Search code examples
pythonpandasseabornboxplotcategorical-data

Hide non observed categories in a seaborn boxplot


I am currently working on a data analysis, and want to show some data distributions through seaborn boxplots.

I have a categorical data, 'seg1' which can in my dataset take 3 values ('Z1', 'Z3', 'Z4'). However, data in group 'Z4' is too exotic to be reported for me, and I would like to produce boxplots showing only categories 'Z1' and 'Z3'.

Filtering the data source of the plot did not work, as category 'Z4' is still showed with no data point.

Is there any other solution than having to create a new CategoricalDtype with only ('Z1', 'Z3') and cast/project my data back on this new category?

I would simply like to hide 'Z4' category.

I am using seaborn 0.10.1 and matplotlib 3.3.1.

Thanks in advance for your answers.

My tries are below, and some data to reproduce.

Dummy data

dummy_cat = pd.CategoricalDtype(['a', 'b', 'c'])
df = pd.DataFrame({'col1': ['a', 'b', 'a', 'b'], 'col2': [12., 5., 3., 2]})
df.col1 = df.col1.astype(dummy_cat)
sns.boxplot(data=df, x='col1', y='col2')

dummy data

Apply no filter

fig, axs = plt.subplots(figsize=(8, 25), nrows=len(indicators2), squeeze=False)
for j, indicator in enumerate(indicators2):
    sns.boxplot(data=orders, y=indicator, x='seg1', hue='origin2', ax=axs[j, 0], showfliers=False)

Which produces:

Non filtered data

Filter data source

mask_filter = orders.seg1.isin(['Z1', 'Z3'])

fig, axs = plt.subplots(figsize=(8, 25), nrows=len(indicators2), squeeze=False)
for j, indicator in enumerate(indicators2):
    sns.boxplot(data=orders.loc[mask_filter], y=indicator, x='seg1', hue='origin2', ax=axs[j, 0], showfliers=False)

Which produces:

Filter data source


Solution

  • To cut off the last (or first) x-value, set_xlim() can be used, e.g. ax.set_xlim(-0.5, 1.5).

    Another option is to work with seaborn's order= parameter and only add the desired values in that list.
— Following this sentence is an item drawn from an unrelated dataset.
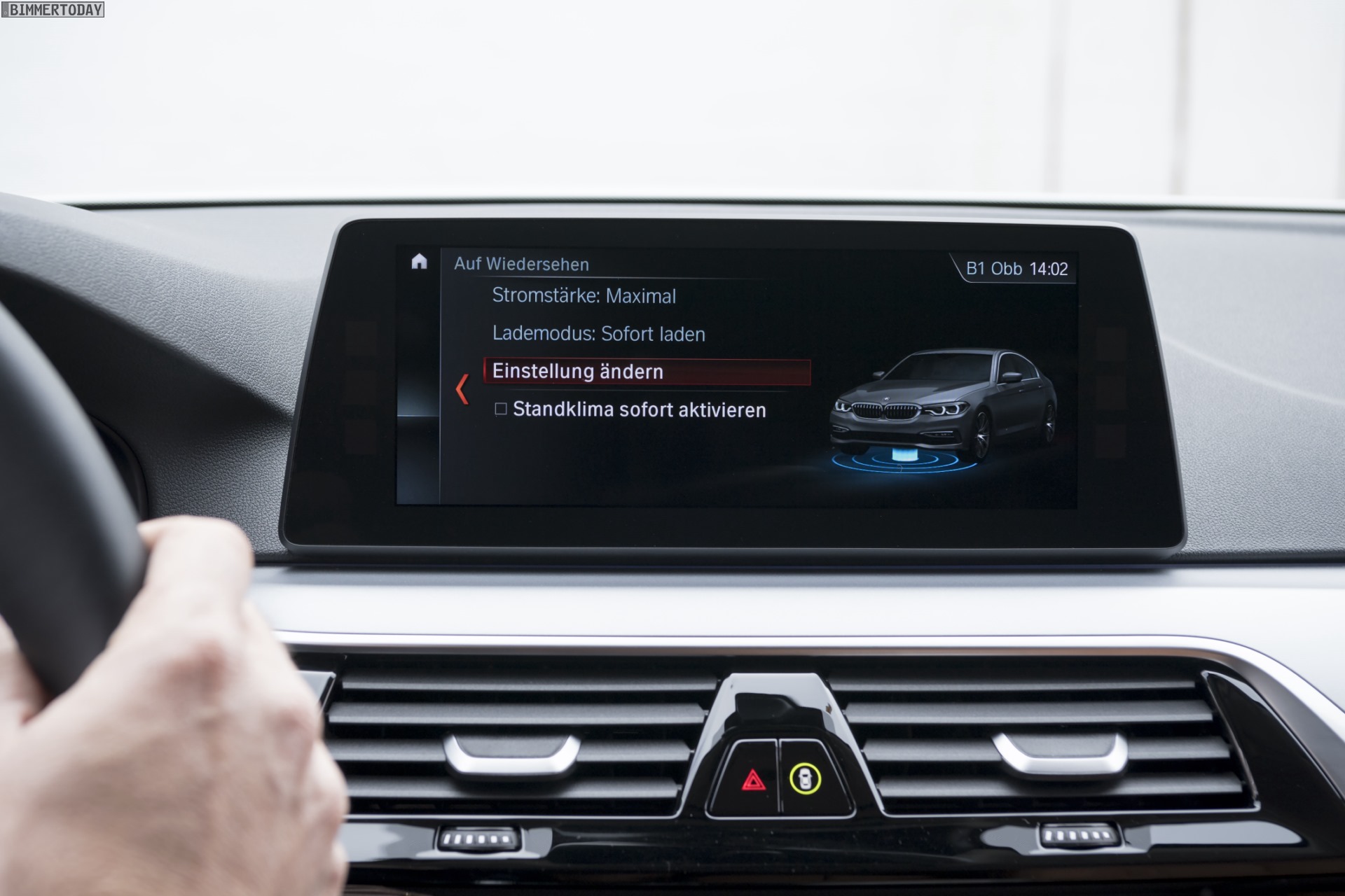 Wird der 530e iPerformance über der BMW Wireless Charging Ladeplatte geparkt, kann der Akku innerhalb von 3,5 Stunden komplett geladen werden. Beim Rangieren auf die Ladeplatte hilft der BMW seinem Fahrer mit Hilfslinien und einer exakten Anzeige der benötigten Position des Fahrzeugs. Natürlich ist die Bodenplatte so ausgelegt, dass sie auch überfahren werden kann, ohne Schaden zu nehmen. Ebenfalls integriert ist eine Erkennung möglicher Störfaktoren, weshalb man sich auch keine Sorgen um ein zwischen Fahrzeug und Ladeplatte laufendes Haustier machen muss.

Optionally that can be created programmatically:

    import matplotlib.pyplot as plt
    import pandas as pd
    import seaborn as sns
    
    dummy_cat = pd.CategoricalDtype(['a', 'b', 'c'])
    df = pd.DataFrame({'col1': ['a', 'b', 'a', 'b'], 'col2': [12., 5., 3., 2]})
    df.col1 = df.col1.astype(dummy_cat)
    order = [cat for cat in dummy_cat.categories if df['col1'].str.contains(cat).any()]
    sns.boxplot(data=df, x='col1', y='col2', order=order)
    plt.show()
    

    example plot